Anyone with a big box of bees who doesn’t heed this topical tip, will find themselves in a pickle.

Beginners who have just bought a nucleus may think this doesn’t concern them. How wrong they are! If you are trying to get the bees to draw out wax and you are feeding them, stop now. If you feed when such a humongous nectar flow is going on there could be swarming even from a nucleus box!

Malcolm 29th June 2018

I don’t know whether everyone has noticed, but there is a crazy nectar flow on at the moment. Lime is in flower and only exudes nectar when the temperatures are in the 20s and this also applies to clover. I had put a super on a badly diseased colony (chalkbrood) that I had just treated for a month with Apiguard and they filled it with honey in a week. I could barely lift the super and it had been empty last week!

In my opinion this nectar flow is going to continue for a while as sweet chestnut is just coming into flower and the temperatures don’t show any signs of dropping. When I inspected my hives yesterday a lot of the colonies were chucking nectar into the brood nest and, of course, one of the colonies had built queen cells.

The danger is that eventually if we get no rain the bees will have nothing to collect. However at the moment I’ve got honey coming out of my ears!

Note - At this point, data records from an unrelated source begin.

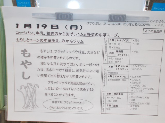 今日の給食は、コッペパン、牛乳、鶏肉の唐揚げ、ハムと野菜の中華スープ、もやしとコーンの中華和え、みかんジャムです。
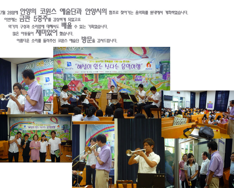 7월 찾아가는 음악회 개최 페이지 정보 작성자 운영자 댓글 0건 조회 7,394회 작성일 10-09-03 04:36 본문 코윈스예술단과 안양시의 협찬으로 안양의집에서 찾아가는 음악회를 개최하며 금관 5중주의 멋진 소리를 듣게 되었습니다. 감사합니다. 목록 이전글2010년 자립지원 전담요원 채용면접심사 결과공고 10.09.03 다음글안양의집 캠프 준비 10.09.03
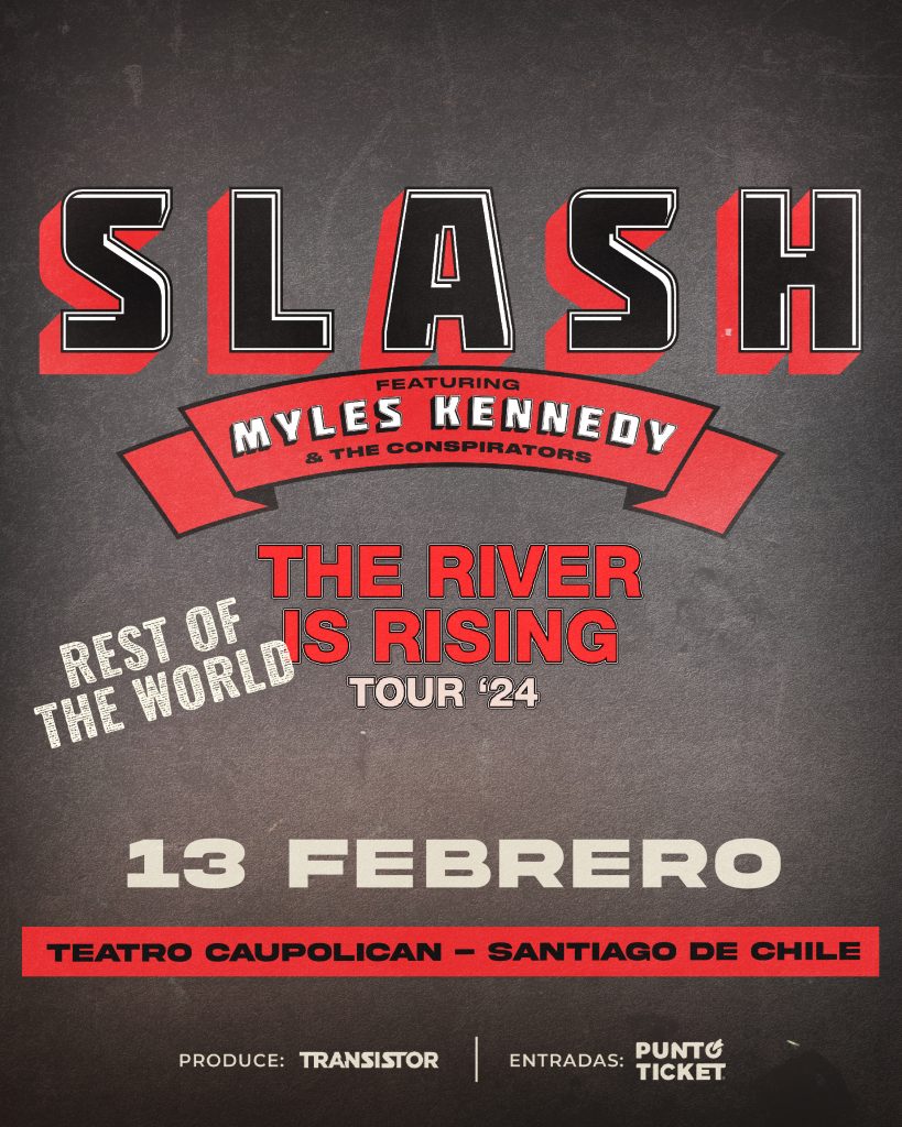Uno de los guitarristas más importantes de la historia, pisará nuevamente tierras chilenas con su gira “The River Is Rising” el próximo 13 de febrero en el Teatro Caupolicán. Slash llega con su asiduo colaborador Myles Kennedy y The Conspirators, banda que acompaña al guitarrista de Guns N’ Roses en sus trabajos solistas, siendo “4” de 2022 el más reciente de ellos. Una muestra de esta reciente placa, y otros tracks de su carrera solista, es lo que podremos disfrutar en esta nueva visita en solitario del guitarrista a nuestro país.
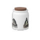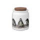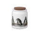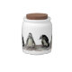 This white porcelain candy jar features adorable African Penguins standing on a rocky ledge. They are aquatic, flightless birds whose wings have become flippers. Each has a black stripe and black spots on the chest. The pattern of spots is unique for every penguin, just like human fingerprints. They have pink glands above their eyes and pink and black feet.

What do you do if you suddenly find Queen cells and you have absolutely no equipment left? Well, you commit the ultimate sin. You remove frames of stores and then you break the brood nest with frames of foundation. Basically you try and give the colony a lot of work to do and that can be successful in taking their minds off swarming. You will have to put those stores in a sealed plastic box and it would be a good idea to spray them with Certan against Wax moth. Don’t sin if the colony is not strong. However, if they are thinking of swarming, they must be strong!

The other thing you should do is extract the honey if the super frames have been capped. Then they will have space to collect all that nectar.

Enjoy the current flow and put supers on urgently. People say about gardeners that the difference between a good gardener and a bad one is a week. The same applies to beekeepers. The good ones have picked up that the flow is humongous and are busily putting supers on the hives. It may have dried up by next week but at the moment it is crazy. The bees are probably out from 4:30 in the morning until nine in the evening! Don’t forget we are also very near the summer solstice and that means that the hives contain the maximum number of bees, so the foraging force is at its very highest.

If you don’t do anything about this flow, then your bees will become congested in absolutely no time, the Queen will have nowhere to lay and the consequence of all that is that you will lose a prime swarm and, of course, your honey crop. Good luck everyone! The bees are giving us all a headache so make sure you return the compliment so that you don’t lose a swarm.